WHAT YOU HAVE TO DO: Pictures are not part of the copy; reproduce the remaining data exactly.

DATA UNDER STUDY:
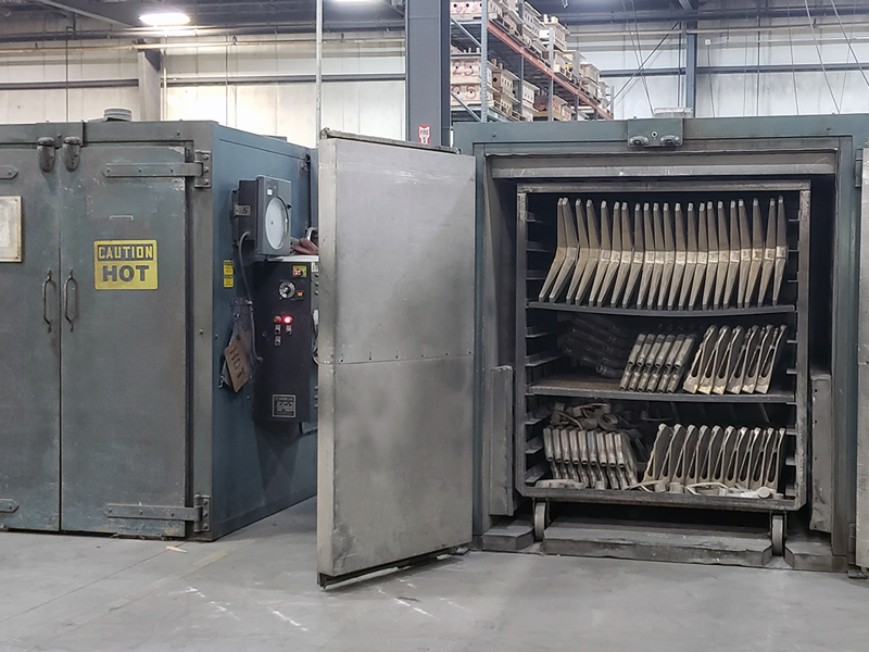 T51 heat treatment process bakes the casting at a low-temperature to artificial age it. The temperature range is between 440˚F (227°C). The casting is heated in the oven for 3-5 hours and then allowed to cool naturally. The low temperature stabilizes the shape of the castings and reduces stresses in the aluminum.
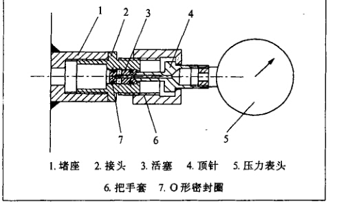如圖所示,堵座直接焊接在所要測定壓力的輸 油(水)管線上。首先把活塞和接頭裝配好,把接頭裝 在堵座上,這樣在管道壓力(一般在10MPa左右)作 用下,活塞向上移動,形成密封,這些部件裝好后直 接放在井上。另外一些部件按圖示,把頂針塞人把手 套,裝上壓力表,要測壓力時隨身攜帶。使用時將把 手套慢慢旋上接頭,由于管內(nèi)壓力,在旋入的過程當 中,頂針接觸活塞,此時頂針與活塞形成第一道硬密 封,在進一步的旋入過程中,活塞繼續(xù)向前推移,管 線內(nèi)液體從活塞側(cè)面孔進入頂針孔,即可測得壓 力。設(shè)計時考慮到第一道硬密封接觸面積小,有時密 封性能不佳,在結(jié)構(gòu)上可以設(shè)計第二道硬密封,即可 實現(xiàn)在測壓力時滴水不漏。
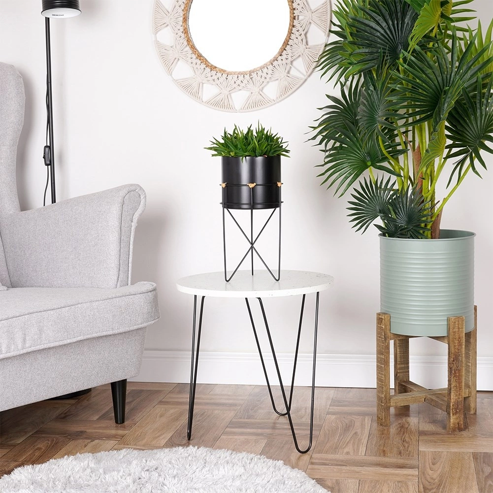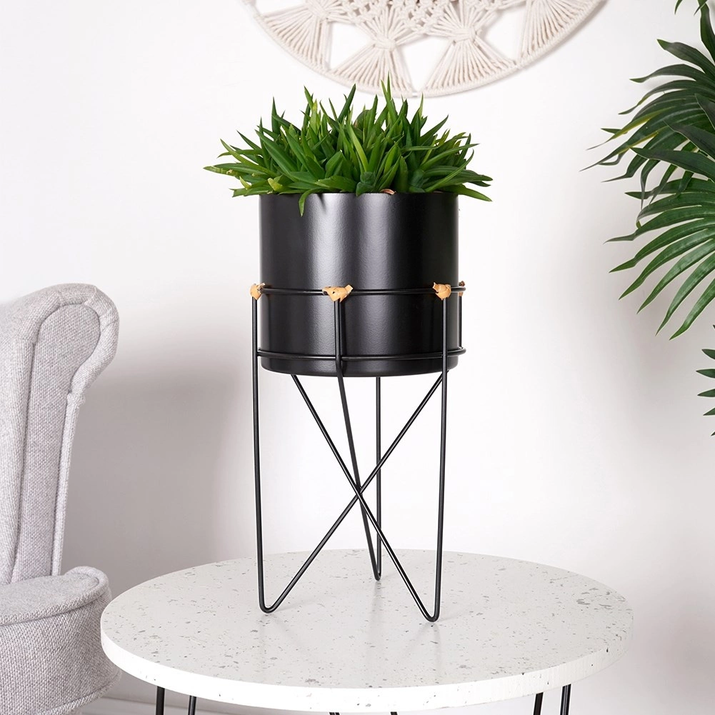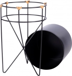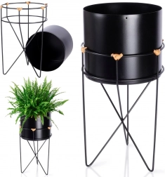 A dizájnos fekete kaspó drótállvánnyal modern és klasszikus belső terekben egyaránt jól mutat. A fém növénytartó könnyen kivehető az állványból és áthelyezhető. A megemelt elhelyezésnek köszönhetően a növények jobban érvényesülnek, és természetes légáramlást kapnak.
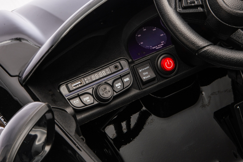 Nu met alle hedendaagse opties zoals: leder look stoel, gordel, BlueTooth, FM, 2.4ghz afstandsbediening, rubberbanden en prachtig diep zwart metallic afgelakt.
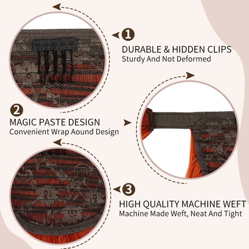 - 💖【Wrap Around Ponytail】Ponytail extensions with an easy-to-install clip-on comb and hair band with magic paste, add fullness and length to your mane for a beautiful transformation in an instant! Adopt breathable lace net design, No bound feeling and no irritation to the scalp.
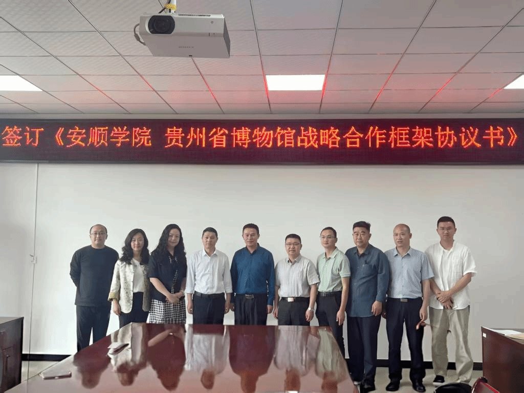 最后,张来作总结发言,回顾了我校历史与发展情况,对双方合作的具体方式提出了建议。双方在前期协商一致的基础上,正式签署了《安顺学院贵州省博物馆战略合作框架协议书》。

EXERCISE RESULT:
 T51 heat treatment process bakes the casting at a low-temperature to artificial age it. The temperature range is between 440˚F (227°C). The casting is heated in the oven for 3-5 hours and then allowed to cool naturally. The low temperature stabilizes the shape of the castings and reduces stresses in the aluminum.
如圖所示,堵座直接焊接在所要測定壓力的輸 油(水)管線上。首先把活塞和接頭裝配好,把接頭裝 在堵座上,這樣在管道壓力(一般在10MPa左右)作 用下,活塞向上移動,形成密封,這些部件裝好后直 接放在井上。另外一些部件按圖示,把頂針塞人把手 套,裝上壓力表,要測壓力時隨身攜帶。使用時將把 手套慢慢旋上接頭,由于管內(nèi)壓力,在旋入的過程當 中,頂針接觸活塞,此時頂針與活塞形成第一道硬密 封,在進一步的旋入過程中,活塞繼續(xù)向前推移,管 線內(nèi)液體從活塞側(cè)面孔進入頂針孔,即可測得壓 力。設(shè)計時考慮到第一道硬密封接觸面積小,有時密 封性能不佳,在結(jié)構(gòu)上可以設(shè)計第二道硬密封,即可 實現(xiàn)在測壓力時滴水不漏。
 A dizájnos fekete kaspó drótállvánnyal modern és klasszikus belső terekben egyaránt jól mutat. A fém növénytartó könnyen kivehető az állványból és áthelyezhető. A megemelt elhelyezésnek köszönhetően a növények jobban érvényesülnek, és természetes légáramlást kapnak.
 Nu met alle hedendaagse opties zoals: leder look stoel, gordel, BlueTooth, FM, 2.4ghz afstandsbediening, rubberbanden en prachtig diep zwart metallic afgelakt.
 - 💖【Wrap Around Ponytail】Ponytail extensions with an easy-to-install clip-on comb and hair band with magic paste, add fullness and length to your mane for a beautiful transformation in an instant! Adopt breathable lace net design, No bound feeling and no irritation to the scalp.
 最后,张来作总结发言,回顾了我校历史与发展情况,对双方合作的具体方式提出了建议。双方在前期协商一致的基础上,正式签署了《安顺学院贵州省博物馆战略合作框架协议书》。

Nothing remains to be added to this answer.